When you just start using TabPy and search for information on how to install, configure and use it you may find a lot of articles and blog posts that are somewhat contradictory to each other and outdated. And you will find people explaining how to install and use TabPy, deploy models to it and use its other features mentioning tabpy, tabpy_server, tabpy_tools and maybe even some other buzzwords. So what are those and what are the actual steps?

First, let me tell you the most recent and updated steps for how to install TabPy can be found on the project GitHub page TabPy Installation Instructions. As you can see on the page installing TabPy as simple as running this one command: pip install tabpy. With the command, you now have the latest approved TabPy package installed in your Python environment. And to run it simply execute tabpy command.

Now, what are those tabpy_server and tabpy_client you may find mentions about? Those are old versions of TabPy when it was split into 2 packages. Neither of those is recommended to be used anymore.
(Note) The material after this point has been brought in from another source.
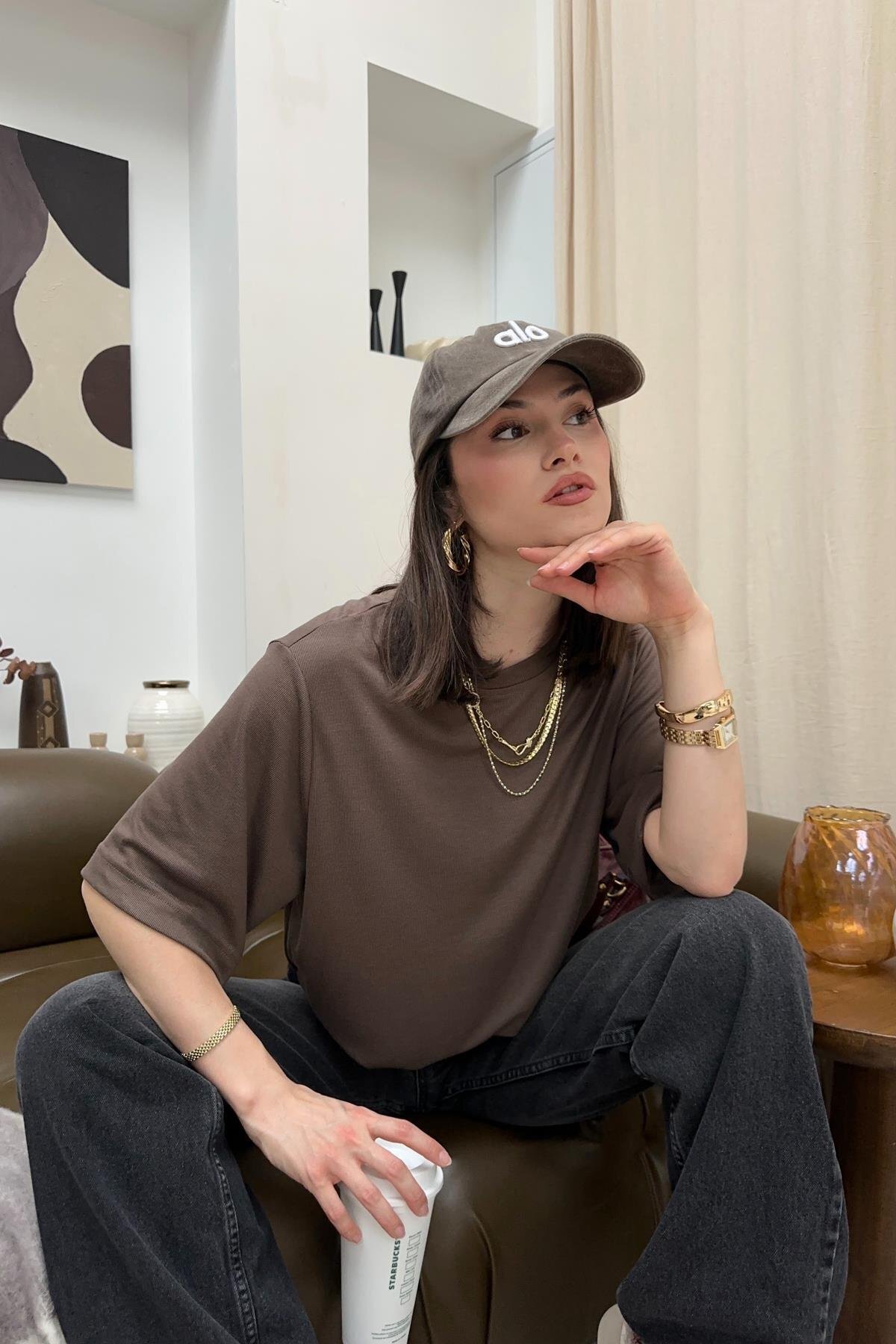 ميزات تي شيرت أساسي كبير الحجم باللون البني من mylove
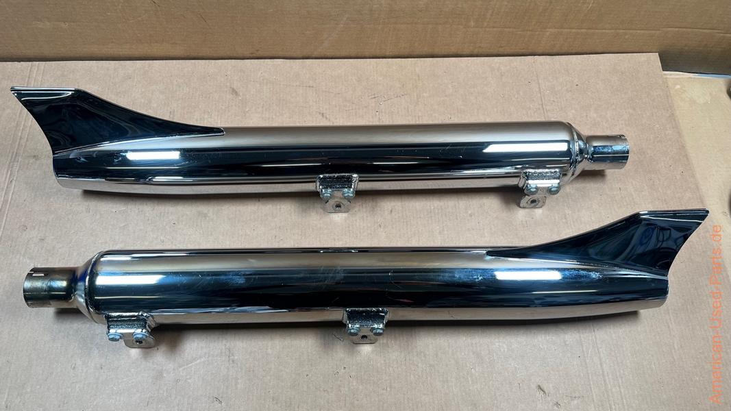 Auspuffdämpferset Fishtail OEM 65655-00 + 65679-00 US Ausführung original HD für Softail Modelle 2000-2006 mit Crossover Auspuffkrümmeranlage (rechts + links) mit Dämpfereinsätzen + Haltern, ein Schrapper vom aufsetzen (angebaut nicht zu sehen) sonst guter Zustand, Neupreis HD 1210 € 490,- € |

And if you have them installed you should delete them.

To give you more information long ago before TabPy became a package it was built as an application (tabpy_server) and a library (tabpy_client) which were distributed as source code via GitHub. But those days gone and you don’t need to clone GitHub repository, configure your environment variables, run setup/startup scripts and perform other black magic steps anymore.

Summary: you only need tabpy package, ignore all the posts and articles where tabpy_server and/or tabpy_tools are mentioned as obsolete.